Melvin followed, letting the panther recede with the same controlled release.
Across the mat, Reynolds held the hyena form a moment longer before the change pulled back through him, bone and muscle settling until he stood human again, chest rising with a steadying breath.
The room settled back into something closer to ordinary once the animals were no longer present.
Mac glanced toward Reynolds, then back to Melvin, the faint trace of that half-smile still there.
“Well,” he said, “now he’s seen it.”
Reynolds let out a slow breath, still looking between them. “…Yes, sir.”
Mac shook his head slightly. “Drop the sir, Matt. Not in here.”
Reynolds almost smiled.
Melvin watched the two of them and felt something settle in the room without needing to be named. The three of them stood on the same ground in a way that hadn’t been entirely true until now.
Outside the chamber the Council’s hidden corridors stretched on into darkness and stone and secrets older than the city above them, but in that moment the world felt smaller and clearer.
Reynolds was one of them now.
They showered, pulled on their clothes, and followed Reynolds through two more corridors, the air changing as the smell of food grew closer.
The adrenaline of the training chamber had long since faded by the time they sat down to eat.
The certainty stayed with Melvin, the intensity of the chamber giving way to something easier to carry.
Watching Reynolds hold the full shift without strain had done more than confirm what the Council suspected.
It had closed the distance between what Reynolds had been forced into and what he was becoming.
For a while they ate without much conversation, the quiet settling naturally between them. The room carried low voices and the scrape of chairs, ordinary sounds that didn’t press in very far.
Reynolds was the one who finally spoke. “Can I ask you something?”

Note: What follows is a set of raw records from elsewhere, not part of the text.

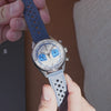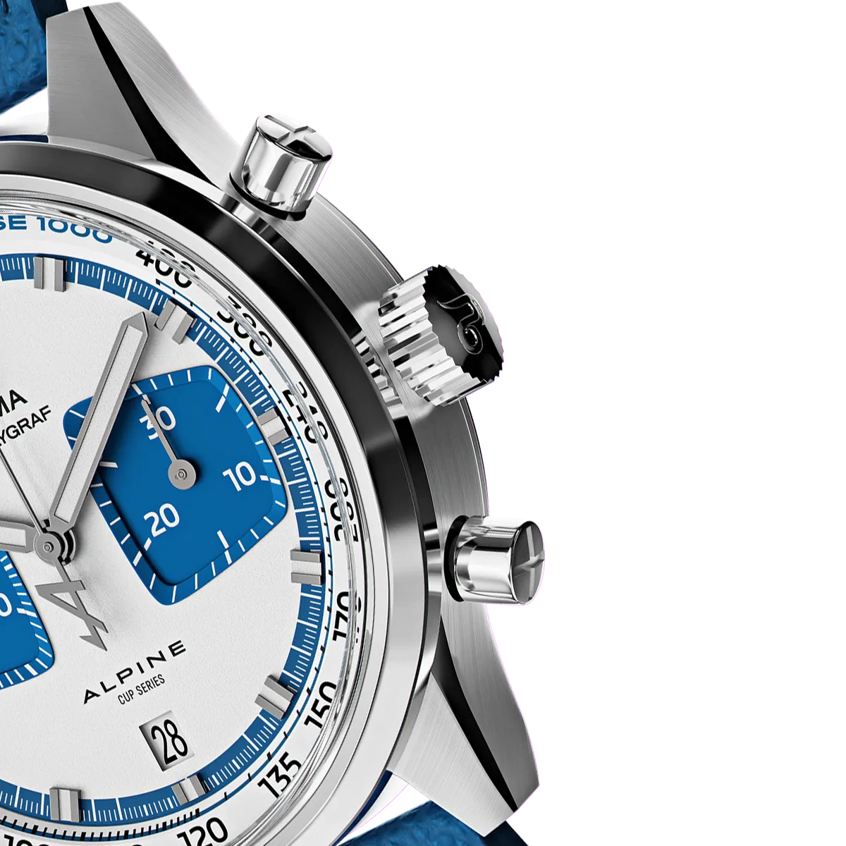 El diseño inmediatamente reconocible de los subcontadores de horas y minutos del cronógrafo está inspirado en los tableros de instrumentos de los coches de carreras vintage, un estilo popular entre los entusiastas y coleccionistas de relojes. Los icónicos subcontadores panda en azul Alpine resaltan en un fuerte contraste con la esfera blanca.
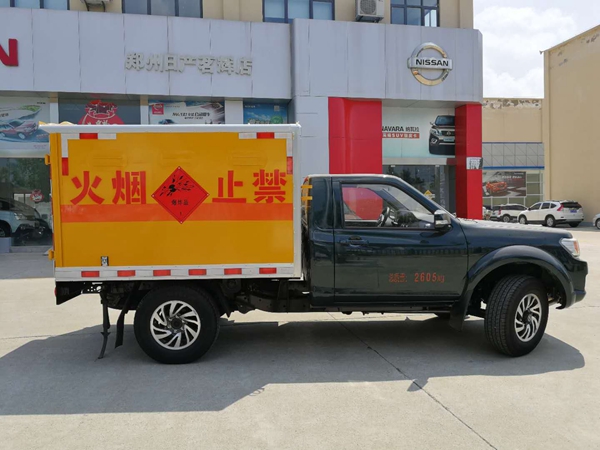 東風(fēng)日產(chǎn)單排皮卡四驅(qū)爆破器材運輸車采用東風(fēng)日產(chǎn)皮卡車底盤,四輪驅(qū)動,配載綿陽新晨動力機械有限公司生的ZD25T5型柴油發(fā)動機,國五排放,2.5L排量,103kw/140馬力;整車尺寸為5160×1825,1770×2050,貨廂尺寸為2200×1690×1060mm,容積為4立方,駕駛室?guī)гb空調(diào)帶方向助力,前碟后鼓式制動,ABS防抱死系統(tǒng),電子限速。
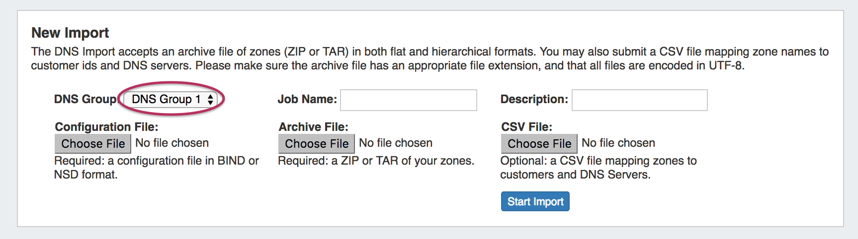 If zones are to be imported, a DNS Group may be selected during the import process to associate with the zones.
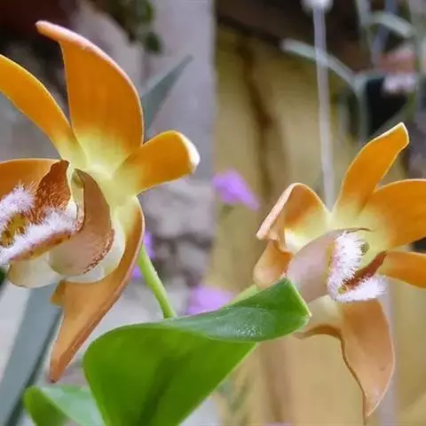 大花文心兰(O.Macranthum),花大,花径10厘米,花瓣黄色,萼片棕色、波状。
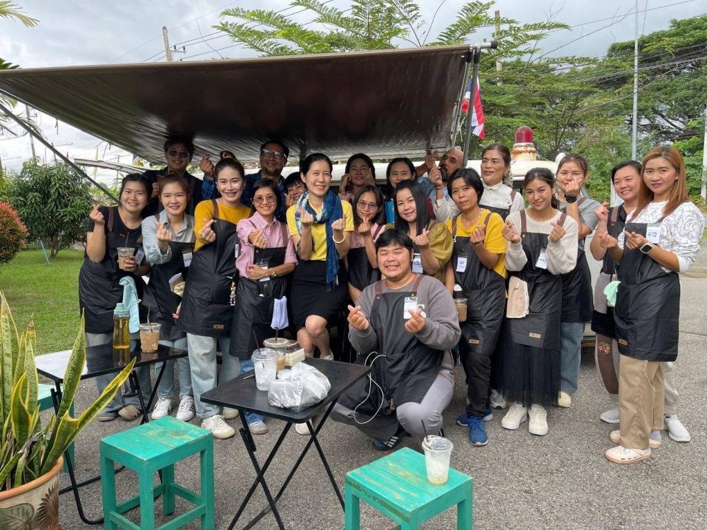 ผอ.ศสค.ลำพูน ให้กำลังใจ และแนะนำเพื่อพัฒนาให้กับผู้เข้ารับการฝึกอบรม “หลักสูตร Basic Barista Course” รุ่นที่ 1 ฝึกภาคปฏิบัติ “รถกาแฟโมบาย”

Mac glanced up. “You just did.”
That pulled a faint smile out of Reynolds. “Being born like this,” he said. “Is it different?”
Mac didn’t answer right away. He wiped his hands on a napkin and set it aside before leaning back, considering. “Yes,” he said at last. “And no.”
Reynolds waited.
“When you’re born into it,” Mac said, “it’s never a surprise. You grow up knowing there’s something there even before you understand what it means. By the time the first shift comes you’ve had years to get used to the idea.”
Reynolds nodded slowly.
Melvin added, “You don’t feel like something’s been done to you.”
Reynolds looked at him.
“That part matters more than people think,” Melvin said.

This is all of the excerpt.